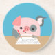 This little piglet is busy writing: his concentration and pleasure in doing so are obvious. Fully customisable and available on various products. Part of a serie of drawings featuring little pigs at study, sitting at a desk in front of a sheet of paper.
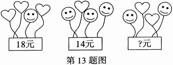13. (2024 陕西 CX4C)陈老师准备购置气球装扮学校"六一"儿童节活动会场,气球的种类有笑脸和爱心两种,两种气球的价格不同,但同一种气球的价格相同,由于会场布置需要,购置时以一束(4个气球)为单位,第一、二束气球的价格如图,那么第三束气球的价格为______元。
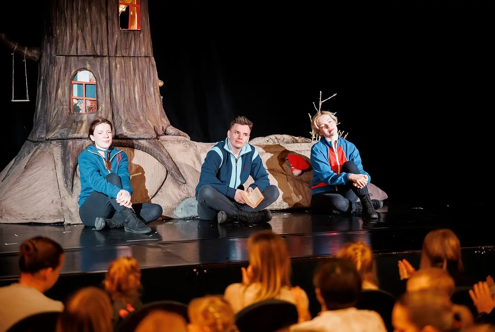 Еще до начала спектакля в Амурском областном театре кукол артисты Полина Корнилова, Тамара Путрик и Анатолий Макаровский встречали маленьких гостей на сцене.
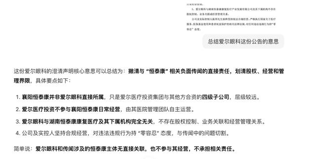 澄清爱尔医疗不参与恒泰康医院的运营,还帮创始人找补了一句。但这里面唯一正确的一句,是襄阳恒泰康医院并不直接隶属爱尔眼科。
---
Retype all the data exactly, please, without pictures.

EXERCISE SOLUTION:
 This little piglet is busy writing: his concentration and pleasure in doing so are obvious. Fully customisable and available on various products. Part of a serie of drawings featuring little pigs at study, sitting at a desk in front of a sheet of paper.
13. (2024 陕西 CX4C)陈老师准备购置气球装扮学校"六一"儿童节活动会场,气球的种类有笑脸和爱心两种,两种气球的价格不同,但同一种气球的价格相同,由于会场布置需要,购置时以一束(4个气球)为单位,第一、二束气球的价格如图,那么第三束气球的价格为______元。
 Еще до начала спектакля в Амурском областном театре кукол артисты Полина Корнилова, Тамара Путрик и Анатолий Макаровский встречали маленьких гостей на сцене.
 澄清爱尔医疗不参与恒泰康医院的运营,还帮创始人找补了一句。但这里面唯一正确的一句,是襄阳恒泰康医院并不直接隶属爱尔眼科。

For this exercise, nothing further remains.